*** Supplied entries Section Begins ***

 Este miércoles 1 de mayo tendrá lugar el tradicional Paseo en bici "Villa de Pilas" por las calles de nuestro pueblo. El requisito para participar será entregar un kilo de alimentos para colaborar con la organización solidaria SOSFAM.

*** Supplied entries Section Ends ***
*** Supplied entries Section Begins ***

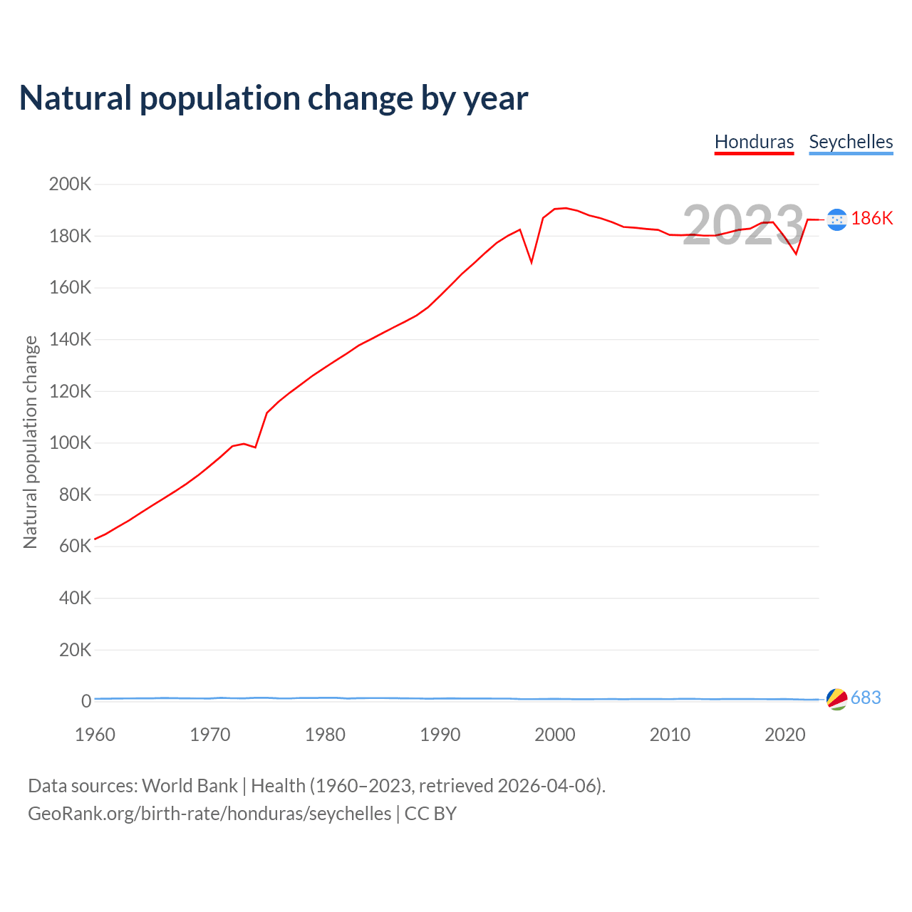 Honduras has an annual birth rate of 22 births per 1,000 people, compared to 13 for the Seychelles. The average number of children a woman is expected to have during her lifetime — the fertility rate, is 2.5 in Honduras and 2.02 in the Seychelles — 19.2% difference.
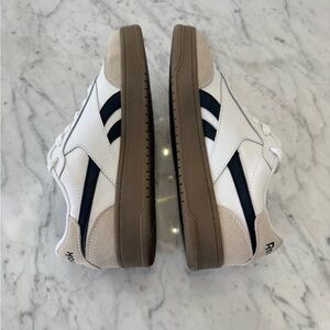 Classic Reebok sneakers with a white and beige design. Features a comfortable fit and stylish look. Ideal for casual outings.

*** Supplied entries Section Ends ***

Task item: Everything above from the line that has "Honduras has an" down to the line that has "Classic Reebok sneakers" should be output exactly, with both of those lines included. Leave the pictures behind.

Written response:
 Honduras has an annual birth rate of 22 births per 1,000 people, compared to 13 for the Seychelles. The average number of children a woman is expected to have during her lifetime — the fertility rate, is 2.5 in Honduras and 2.02 in the Seychelles — 19.2% difference.
 Classic Reebok sneakers with a white and beige design. Features a comfortable fit and stylish look. Ideal for casual outings.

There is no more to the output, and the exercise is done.